What is needed is an exact copy of the lines from the one containing "詩詞朗誦鞏固傳統(tǒng)" through the last line of the records below, with no pictures.

### DATA RECORDS
· · · · · · ·

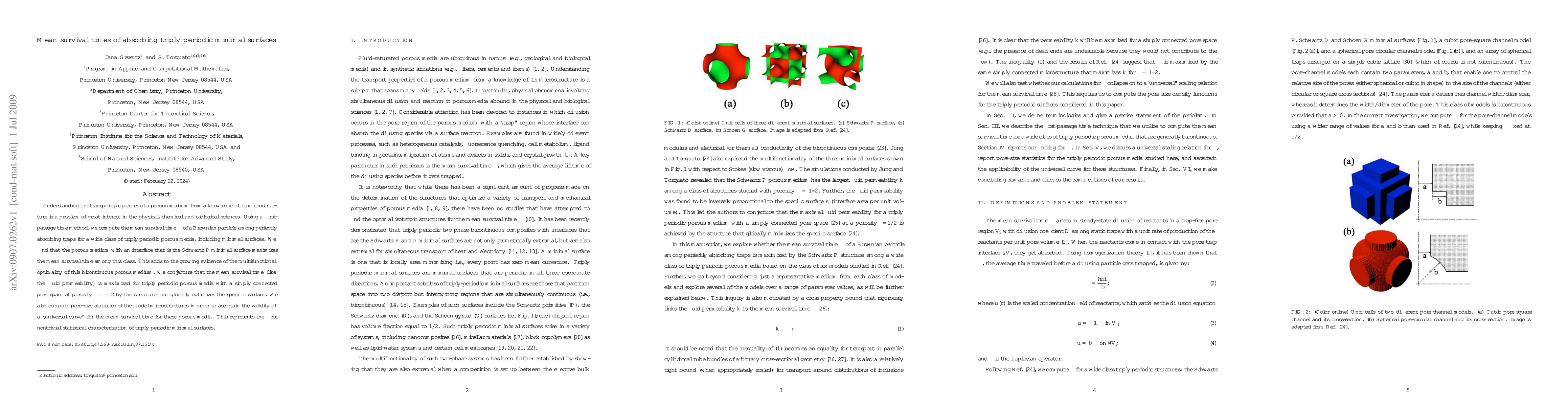 Understanding the transport properties of a porous medium from a knowledge of its microstructure is a problem of great interest in the physical, chemical and biological sciences. Using a first-passage time method, we compute the mean survival time $\tau$ of a Brownian particle among perfectly absorbing traps for a wide class of triply-periodic porous media, including minimal surfaces. We find that the porous medium with an interface that is the Schwartz P minimal surface maximizes the mean survival time among this class. This adds to the growing evidence of the multifunctional optimality of this bicontinuous porous medium. We conjecture that the mean survival time (like the fluid permeability) is maximized for triply periodic porous media with a simply connected pore space at porosity $\phi=1/2$ by the structure that globally optimizes the specific surface. We also compute pore-size statistics of the model microstructures in order to ascertain the validity of a "universal curve" for the mean survival time for these porous media. This represents the first nontrivial statistical characterization of triply periodic minimal surfaces.
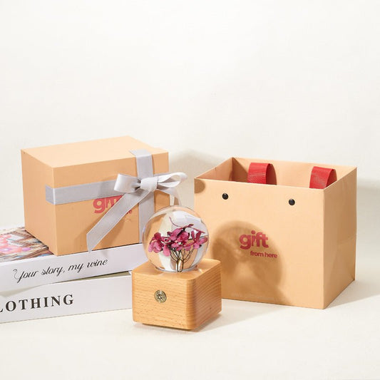 Coral Vine Preserved Flower Crystal Ball Wooden Music Box
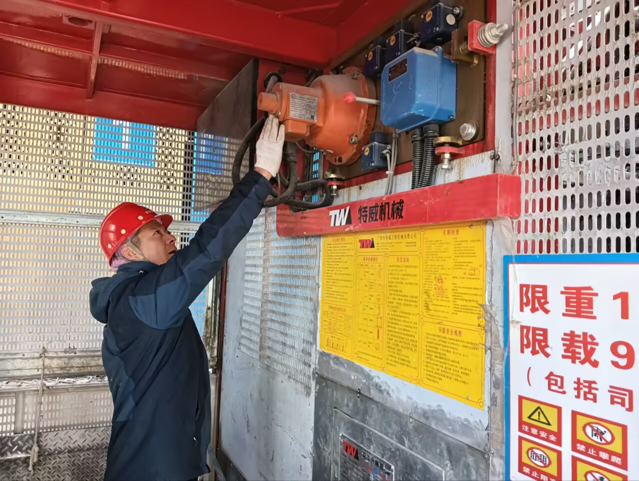 建工交航安全环保监察部联合设备专家组成检查小组,深入各在建项目施工现场,对塔吊的基础稳定性、塔身垂直度、各部件连接螺栓紧固情况进行详细检查,同时查看维护保养记录,确保设备维护保养工作按规定执行。对施工升降机的防坠安全器、上下限位开关、楼层防护门等关键安全装置进行逐一测试,不放过任何一个安全细节。
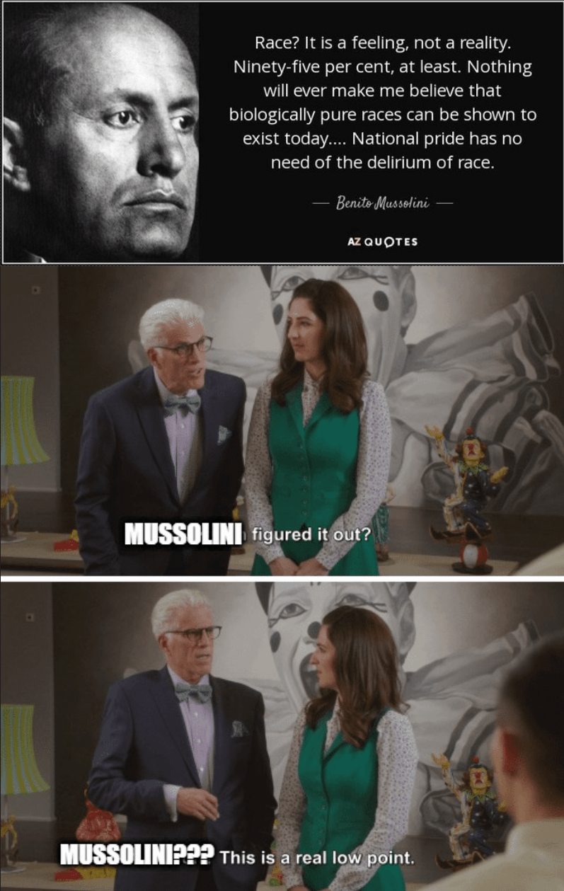 Mussolini having a moment of clarity is the plot twist no one asked for. It really shows how expensive the gift of honesty is when even he can afford it for a split second
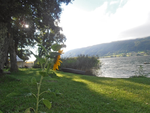Letzten Sommer wollten wir dann doch auch wieder etwas anderes sehen und verbrachten eine Woche in einem Ferienhaus in Vallon Pont d‘Arc in Südfrankreich. Aber wir wollten auch wieder mal in einem Zelt schlafen und fuhren an den Ossiachersee in Kärnten, wo wir eine Nacht auf dem Campingplatz Morgenfurt (www. camping-morgenfurt.at) blieben. Der Platz ist klein, sehr sauber, der Betreiber war sehr freundlich und Hunde sind dort gar kein Problem, sie dürfen nur leider nicht in den See hinein. Nach einigen Ausflügen fuhren wir weiter nach Bibione an den Hundestrand. Eigentlich wollten wir noch in Italien im Kanaltal einen Zeltplatz suchen, aber da es in der Nacht geregnet hatte und alles nass war, verzichteten wir darauf und fuhren nach Villach.
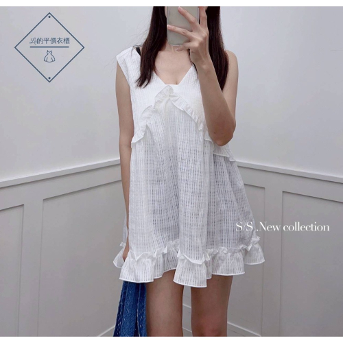 🌿Lu的平價衣櫃🌿🌸現貨38950e3✔️韓國同款🇰🇷甜美感V領荷葉邊造型短洋裝#甜美#荷葉邊#無袖#短洋
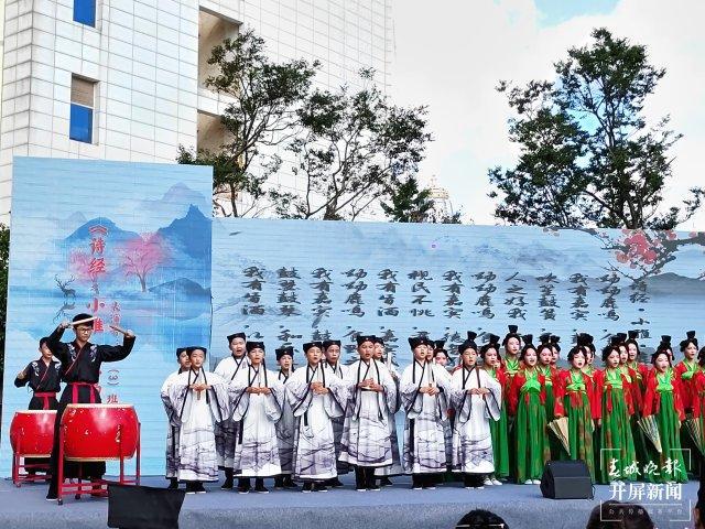 詩詞朗誦鞏固傳統(tǒng)文化之根,畢業(yè)班孩子以《詩經(jīng)》中多個(gè)經(jīng)典篇目或改編表演,或深情吟誦,如《國風(fēng)·衛(wèi)風(fēng)·木瓜》《國風(fēng)·秦風(fēng)·無衣》等,涉及反映傳統(tǒng)美德、社會(huì)風(fēng)貌、愛國情懷等多方面的主題,傳承國學(xué)精髓。
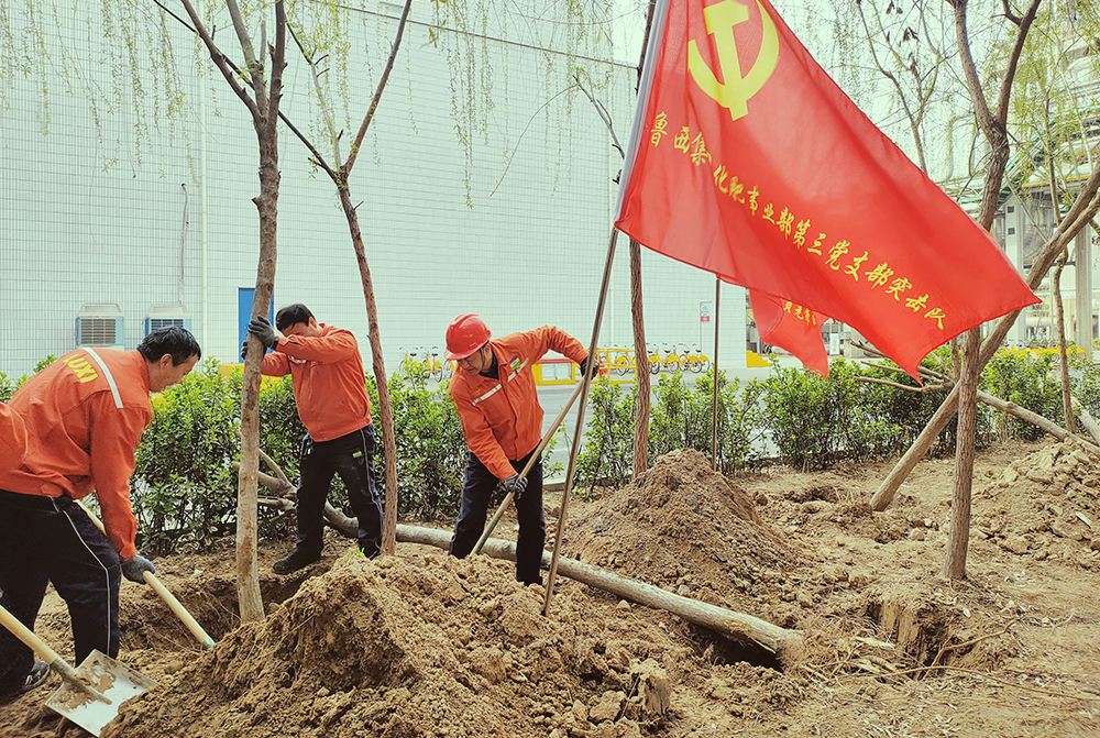 化肥事业部第三党支部协同化肥团支部全体党员、团员,共同开展“每人一棵树,建美丽园区”特色活动。广大党员干部积极发挥引领示范作用,与广大团员群众一起对园区进行绿化植

· · · · · · ·

### FINAL ANSWER
 詩詞朗誦鞏固傳統(tǒng)文化之根,畢業(yè)班孩子以《詩經(jīng)》中多個(gè)經(jīng)典篇目或改編表演,或深情吟誦,如《國風(fēng)·衛(wèi)風(fēng)·木瓜》《國風(fēng)·秦風(fēng)·無衣》等,涉及反映傳統(tǒng)美德、社會(huì)風(fēng)貌、愛國情懷等多方面的主題,傳承國學(xué)精髓。
 化肥事业部第三党支部协同化肥团支部全体党员、团员,共同开展“每人一棵树,建美丽园区”特色活动。广大党员干部积极发挥引领示范作用,与广大团员群众一起对园区进行绿化植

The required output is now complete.